╔══
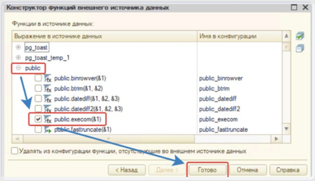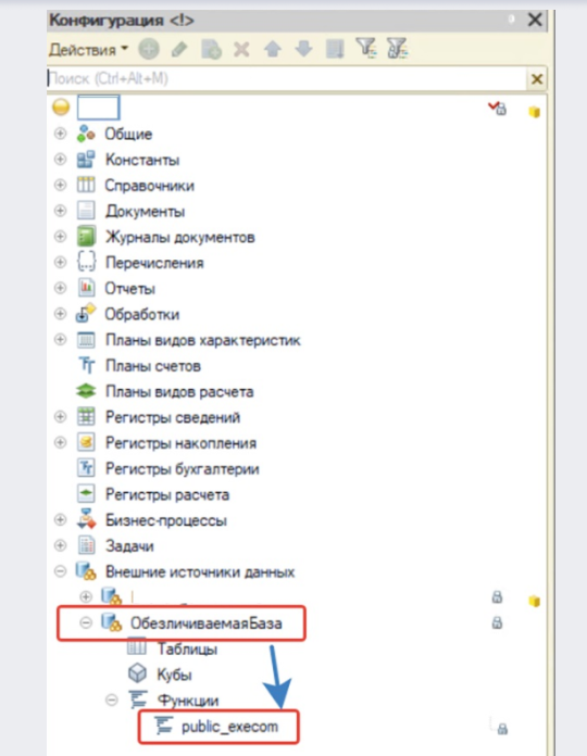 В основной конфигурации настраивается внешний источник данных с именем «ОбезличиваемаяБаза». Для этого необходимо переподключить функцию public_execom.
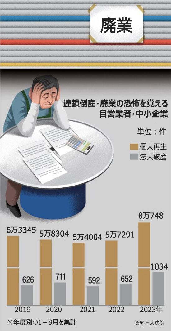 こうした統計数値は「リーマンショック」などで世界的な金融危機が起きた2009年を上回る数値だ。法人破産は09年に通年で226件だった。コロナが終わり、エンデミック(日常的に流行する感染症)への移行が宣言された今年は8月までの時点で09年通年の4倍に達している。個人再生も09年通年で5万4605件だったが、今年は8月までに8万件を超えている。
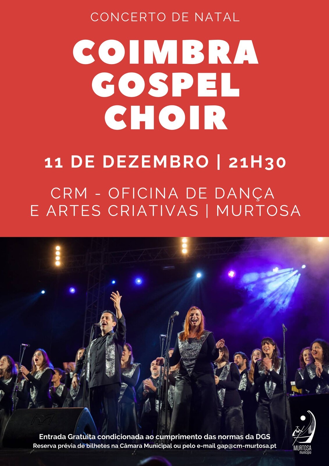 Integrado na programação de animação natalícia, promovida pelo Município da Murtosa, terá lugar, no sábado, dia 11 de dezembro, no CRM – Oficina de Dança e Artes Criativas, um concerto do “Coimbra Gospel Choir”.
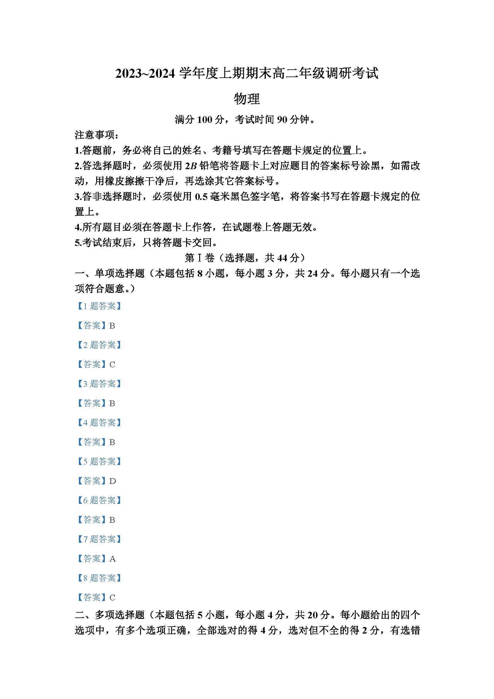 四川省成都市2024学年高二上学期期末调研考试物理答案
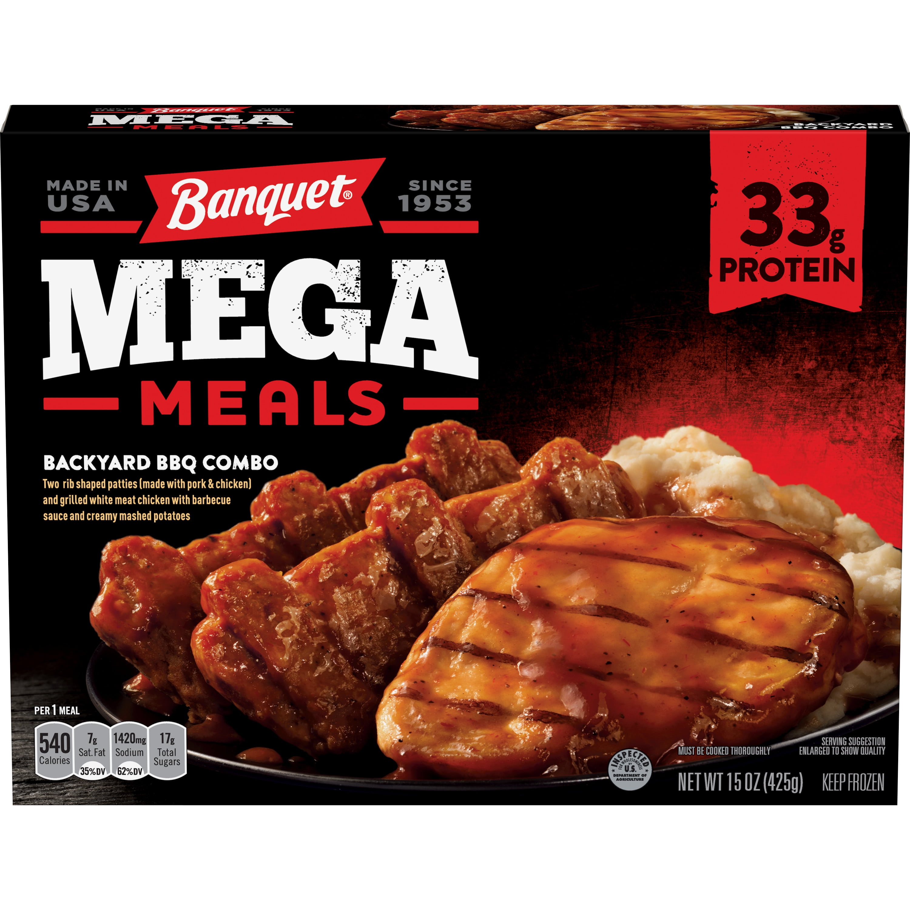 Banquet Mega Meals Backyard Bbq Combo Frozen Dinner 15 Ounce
╚══
**WORK TASK:** Pictures do not belong in the copy. Output all of the records exactly.

**EXERCISE OUTPUT:**
 В основной конфигурации настраивается внешний источник данных с именем «ОбезличиваемаяБаза». Для этого необходимо переподключить функцию public_execom.
 こうした統計数値は「リーマンショック」などで世界的な金融危機が起きた2009年を上回る数値だ。法人破産は09年に通年で226件だった。コロナが終わり、エンデミック(日常的に流行する感染症)への移行が宣言された今年は8月までの時点で09年通年の4倍に達している。個人再生も09年通年で5万4605件だったが、今年は8月までに8万件を超えている。
 Integrado na programação de animação natalícia, promovida pelo Município da Murtosa, terá lugar, no sábado, dia 11 de dezembro, no CRM – Oficina de Dança e Artes Criativas, um concerto do “Coimbra Gospel Choir”.
 四川省成都市2024学年高二上学期期末调研考试物理答案
 Banquet Mega Meals Backyard Bbq Combo Frozen Dinner 15 Ounce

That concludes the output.